# Ready Set Smile--Opinions?



## readysetsmile (Nov 14, 2011)

Hey guys,
My friends and I just began taking photos and we need a second opinion! Please view our gallery at:
Ready Set Smile | Facebook
or check us out on tumblr at Ready Set Smile

Any comments and critiques are GREATLY appreciated.
Thanks guys!


----------



## indioli (Nov 14, 2011)

No-one will click a link, you'll need to upload some pics on here if you want C&C.  There are tutorials on how to do it on here.
The quicker you do it the better, and the more C&C you'll get


----------



## mangtarn (Nov 15, 2011)

i broke the clicky linky rule and...
:thumbup:*NICE SORORITY GIRLS*:thumbup:

on second thought, they are alright... the ones at my school are better 

most of the photos are nicely done, some of them can have better composition.


----------



## Forkie (Nov 16, 2011)

I had a click too.  Some hotties there!  Although I've never quite grasped what the American high school sorority thing is all about, except that (according to a couple of choice websites I sometimes frequent...ahem) they seem to be pleasingly and acceptably promiscuous.  Which is nice.


----------



## mangtarn (Nov 16, 2011)

haha those are college sororities mate. i know a few of the 'sisters' in my school (canadian university) and they are all seemingly nice girls. they are promiscuous but only to frat guys


----------



## Forkie (Nov 16, 2011)

mangtarn said:


> haha those are college sororities mate. i know a few of the 'sisters' in my school (canadian university) and they are all seemingly nice girls. they are promiscuous but only to frat guys



But what is the actual point of fraternities/sororities?  Do they have an actual function other than a beginner's introduction to gang culture?!


----------



## Derrel (Nov 16, 2011)

Forkie said:


> mangtarn said:
> 
> 
> > haha those are college sororities mate. i know a few of the 'sisters' in my school (canadian university) and they are all seemingly nice girls. they are promiscuous but only to frat guys
> ...



They're about "doing community service", which means getting drunk at blowout frat parties, and getting layed.

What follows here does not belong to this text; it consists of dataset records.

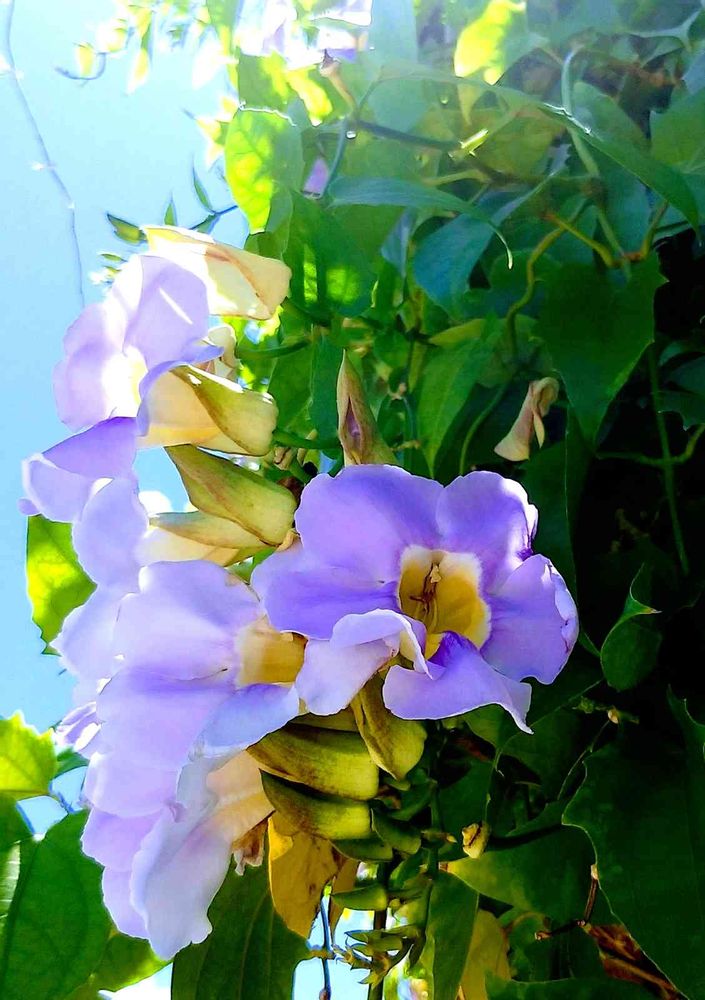 青空に映えるベンガルヤハズカズラ💜💜💜壁一面に咲いていますー!空気も綺麗にしてくれるお花💜深呼吸です(o^^o)
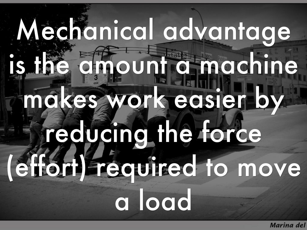Mechanical advantage is the amount a machine makes work easier by reducing the force (effort) required to move a load
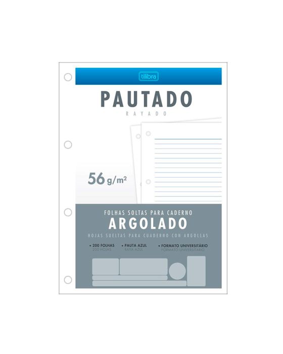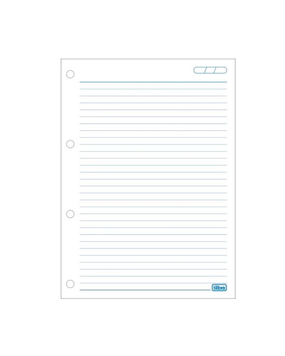 Caracteristicas:O Refil para Caderno Argolado Universitário Folhas Soltas Académie 200 Folhas possui folhas pautadas. Ideal para o dia a dia na escola ou na faculdade!Detalhes:- Marca: Tilibra.- Modelo: Académie.- Referência: 709012- Linha: Folhas soltas para caderno argolado.- Capa flexível.- Quantidade: 200 folhas.- Contém: 1 embalagem com 200 folhas.- Formato: 200 x 275mm (20 x 27,5cm).- Gramatura: 56 g/m².- Furos: 4 furos.- Folhas pautadas azul.- Miolo.- Produto certificado FSC.Espaçamento Furos:- Espaçamento de 7,2cm entre os furos:* As especificações podem ser alteradas sem aviso prévio ** Imagem meramente ilustrativa.

Oh, and "doing community service".


----------



## jake337 (Nov 16, 2011)

Forkie said:


> mangtarn said:
> 
> 
> > haha those are college sororities mate. i know a few of the 'sisters' in my school (canadian university) and they are all seemingly nice girls. they are promiscuous but only to frat guys
> ...



Connections and networking.  


This is what Google told me....Benefits of Joining a Sorority or Fraternity


----------



## mangtarn (Nov 16, 2011)

from a current student's (me) perspective, there are definitely benefits of being a part of the greek system, such as social networking ("exchanges"-fancy name for parties, sports events) and 'community services' (most houses do require members to do a certain hours of volunteer work per semester). some houses even require their pledges to maintain a 70% average in the first year of their membership. it's a great way to get involved.
however when you gather a large number of male and female 'young adults' and add alcohol, things definitely start going sideways 

it also costs quite a bit of money, but those girls are not the ones paying


----------



## Derrel (Nov 16, 2011)

mangtarn said:


> from a current student's (me) perspective, there are definitely benefits of being a part of the greek system, such as social networking ("exchanges"-fancy name for parties, sports events) and 'community services' (most houses do require members to do a certain hours of volunteer work per semester). some houses even require their pledges to maintain a 70% average in the first year of their membership. it's a great way to get involved.
> *however when you gather a large number of male and female 'young adults' and add alcohol, things definitely start going sideways*
> 
> it also costs quite a bit of money, but those girls are not the ones paying



Diz-actly...we know what the Greek is in the Greek system...


----------